── RECORDED INFORMATION ──

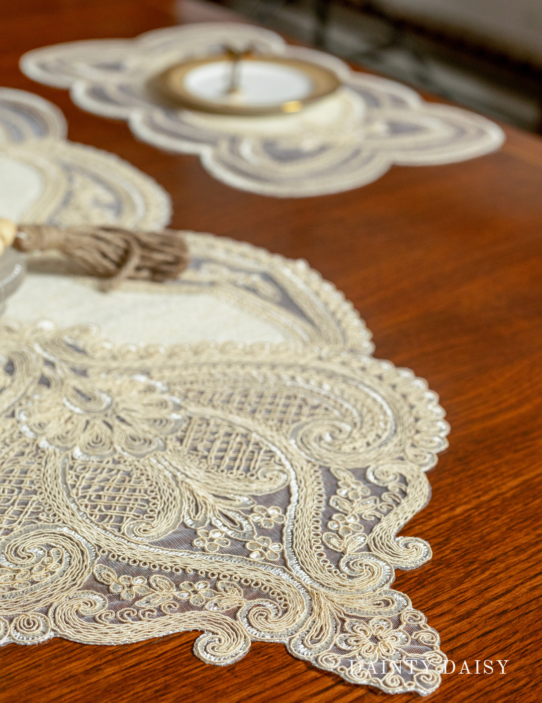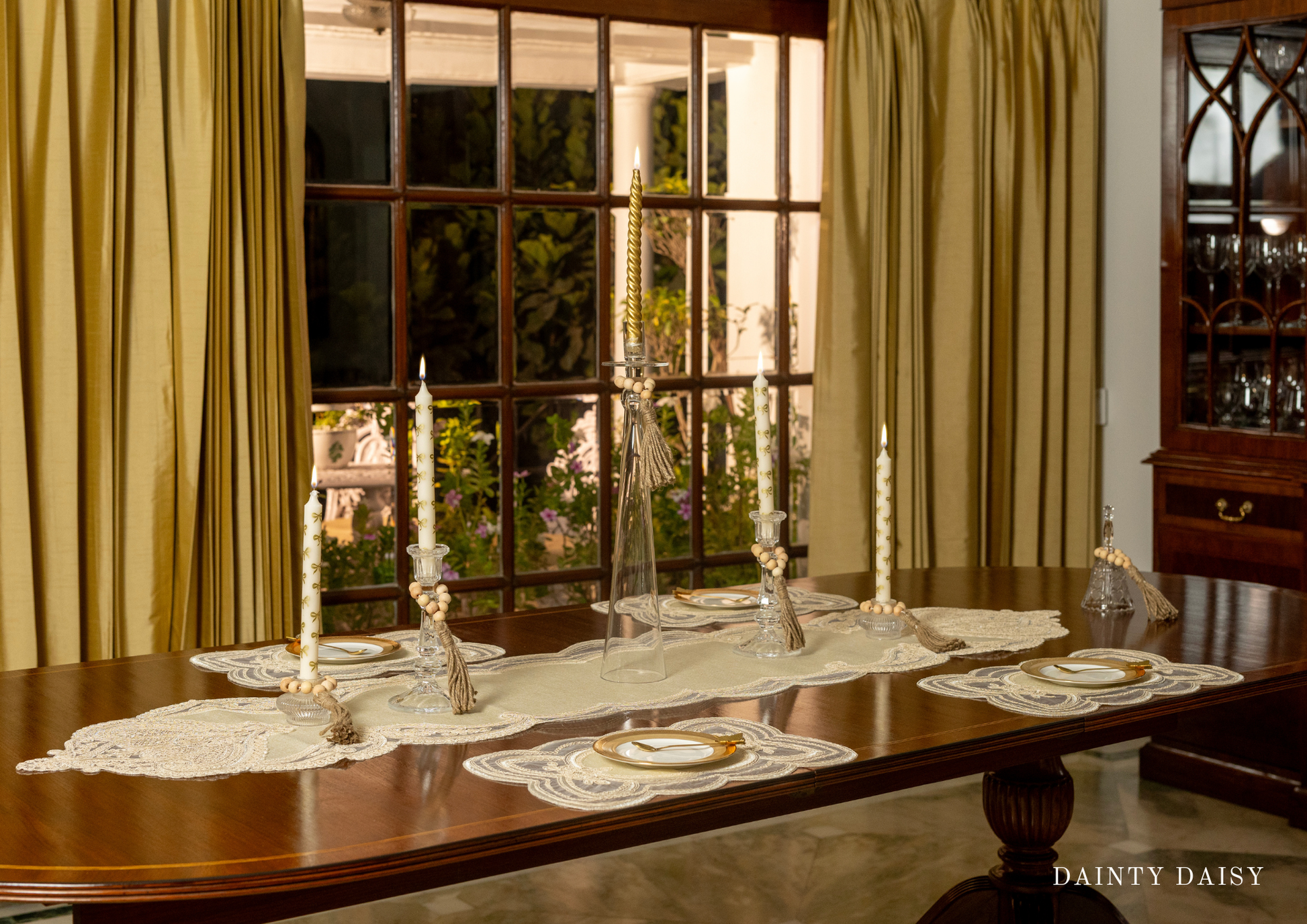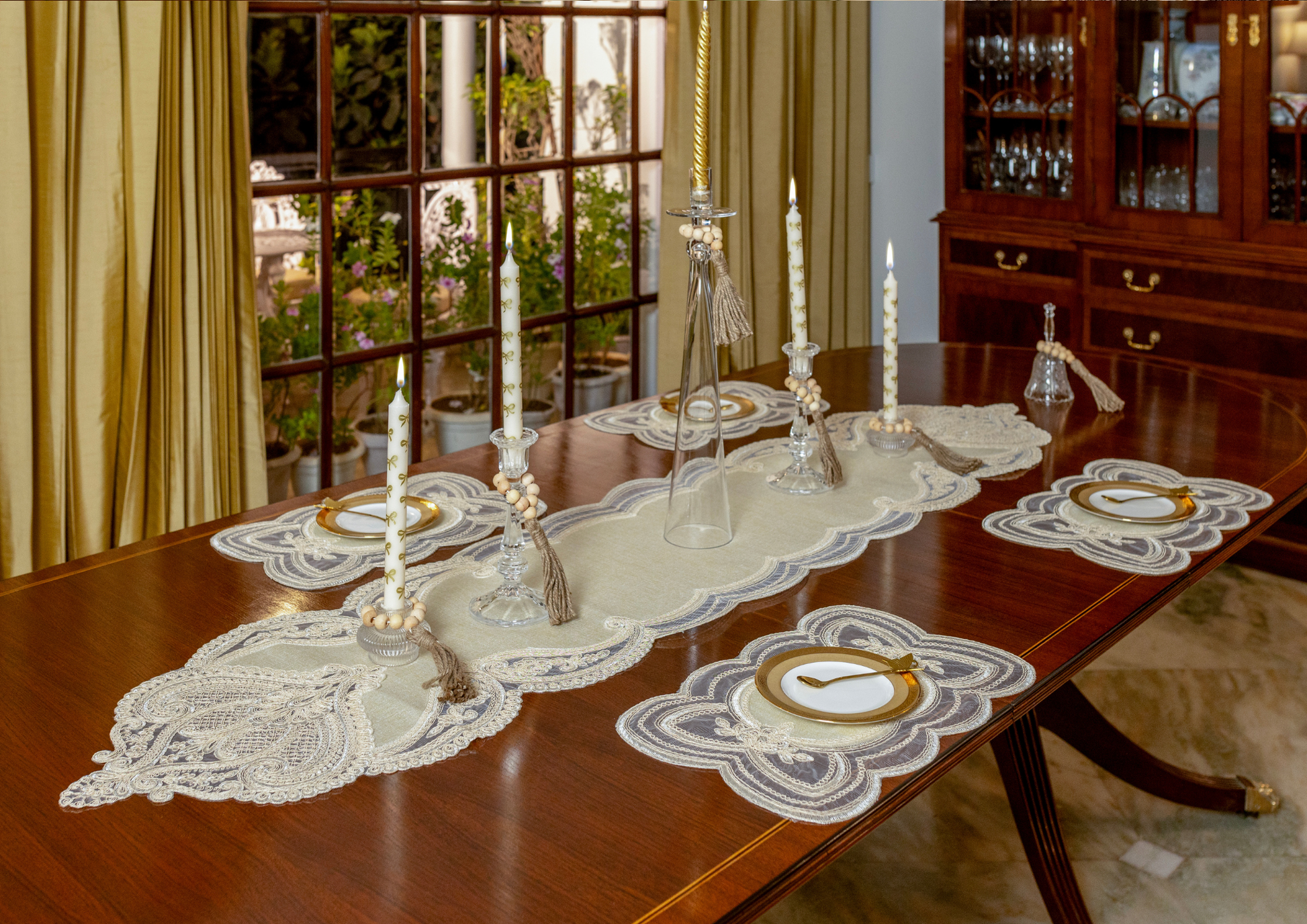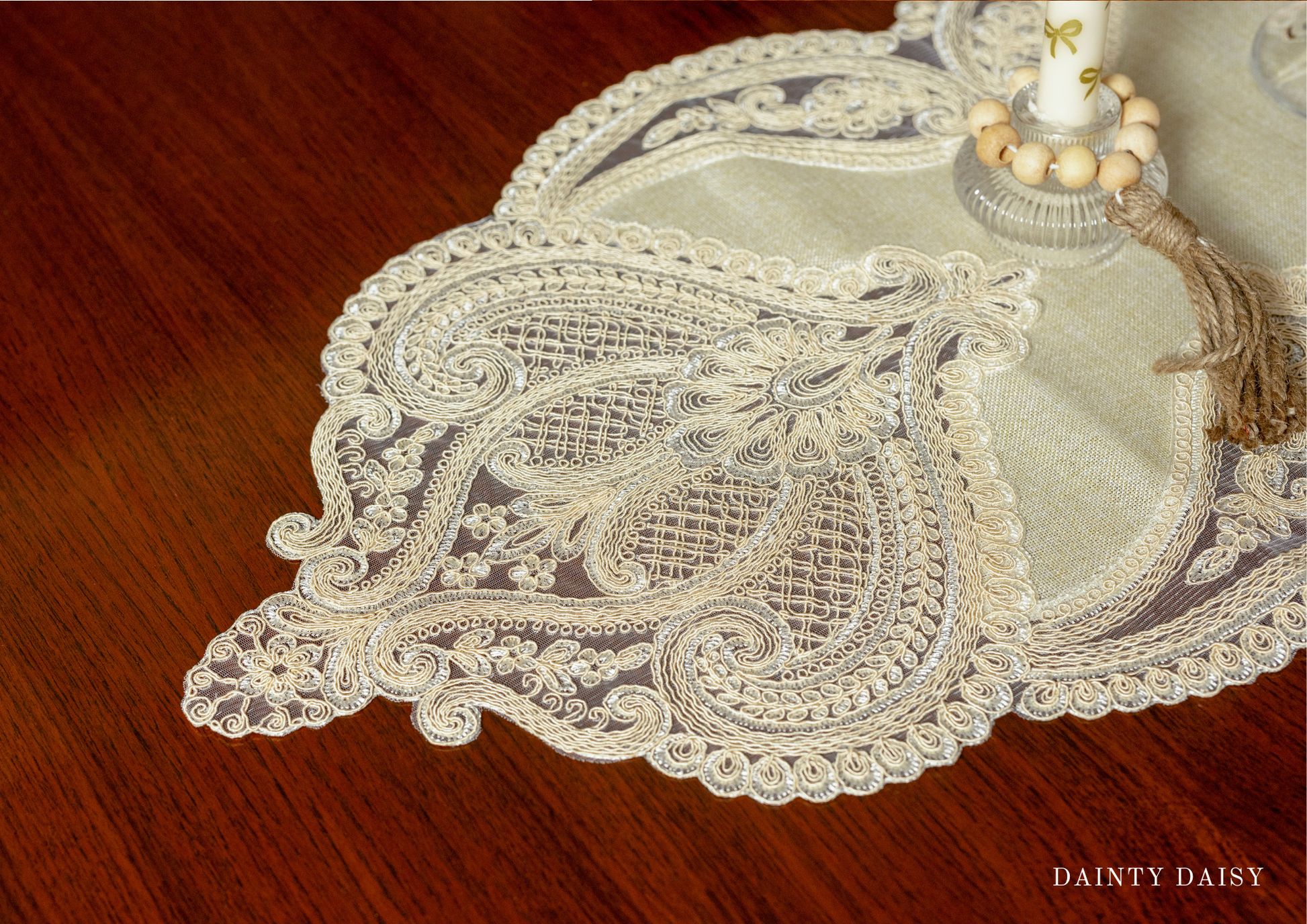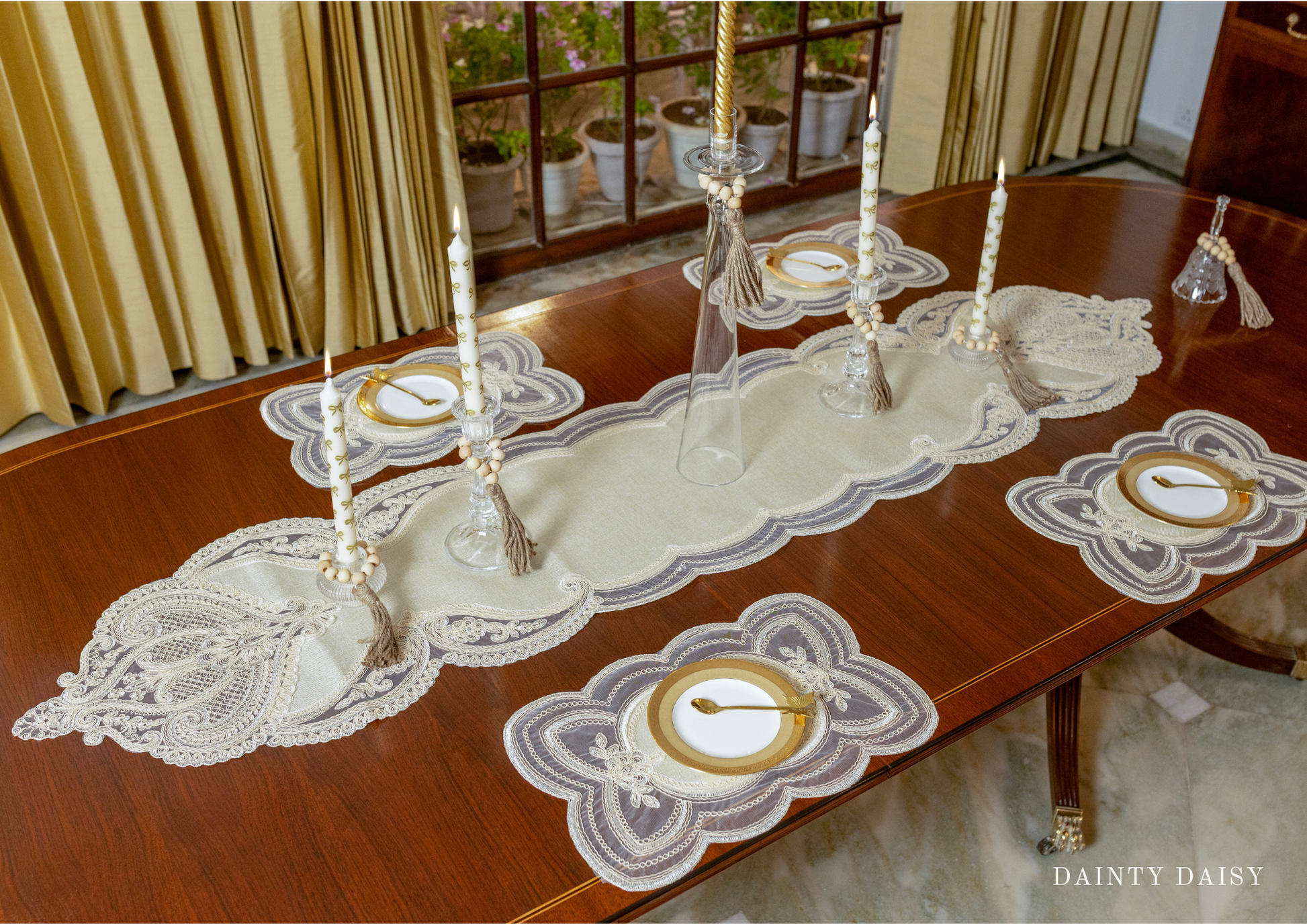 Let our Iris runner weave a tale of elegance along your table. Dainty Daisy’s soft pattern creates a harmonious dining atmosphere for six.
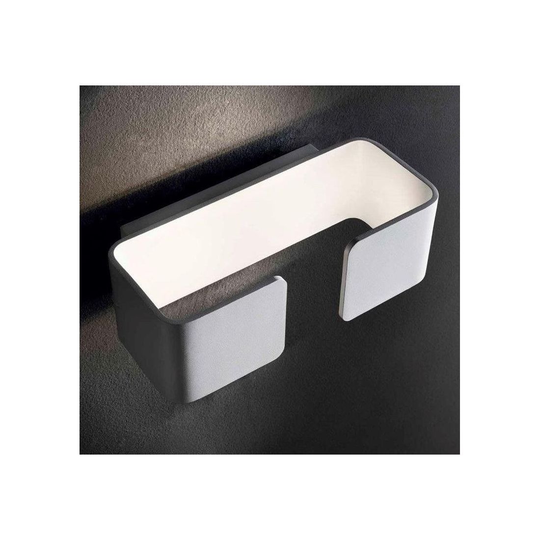 Applique moderna che si ispira alle linee di una grande firma interamente realizzata in alluminio verniciato bianco, curvato sui due lati e lasciato aperto sia nella parte inferiore che nella parte superiore per una migliore diffusione della luce sia verso l'alto che verso il basso; questo ne consente anche un migliore accesso per la pulizia e per la sostituzione delle lampadine.
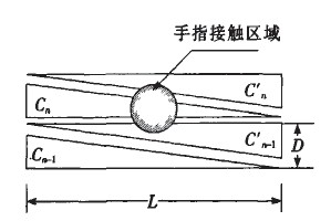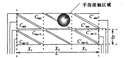 Ca(n)、Cb(n)、为第一组感应电极,Cb(n)、Cb(n)''''为第二组感应电极,Ca(n)''''、Cb(n)''''为第三组感应电极,分别感应X1、X2、X3范围内坐标点的位置。具体坐标计算方法与上述类似。设计中需要注意X1、X2、X3每组电极的宽度应与手指接触面积的宽度相当,如宽度不足则需要增加菱形电极,否则手指接触在相同区域内无法识别两个感应点。
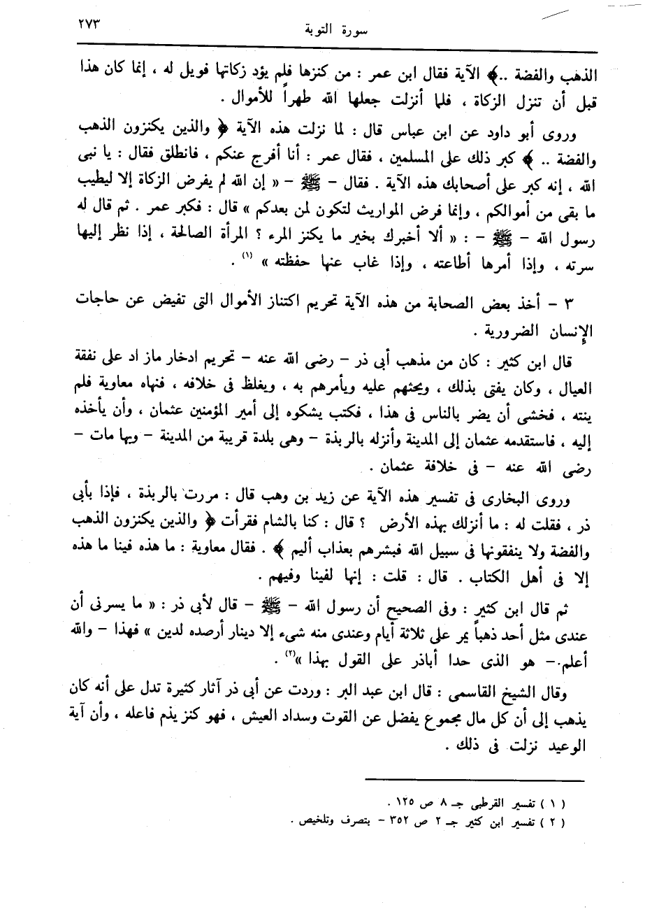 وقال الشيخ القاسمى: قال ابن عبد البر: وردت عن أبى ذر آثار كثيرة تدل على أنه كان يذهب إلى أن كل مال مجموع يفضل عن القوت وسداد العيش، فهو كنز يذم فاعله، وأن آية الوعيد نزلت في ذلك.
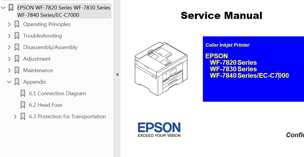 Este manual de servicio Epson WF-7820 Series, WF-7830 Series, WF-7840 Series, EC-C7000 Series describe las funciones básicas, la teoría de las operaciones eléctricas y mecánicas, los procedimientos de mantenimiento y reparación de la impresora.

───

* [WHAT TO PRODUCE]
Verbatim output, no pictures: the line holding "وقال الشيخ القاسمى: قال" and all lines after it through the last line of the material, with nothing else.

* [ANSWER TO THE EXERCISE]
 وقال الشيخ القاسمى: قال ابن عبد البر: وردت عن أبى ذر آثار كثيرة تدل على أنه كان يذهب إلى أن كل مال مجموع يفضل عن القوت وسداد العيش، فهو كنز يذم فاعله، وأن آية الوعيد نزلت في ذلك.
 Este manual de servicio Epson WF-7820 Series, WF-7830 Series, WF-7840 Series, EC-C7000 Series describe las funciones básicas, la teoría de las operaciones eléctricas y mecánicas, los procedimientos de mantenimiento y reparación de la impresora.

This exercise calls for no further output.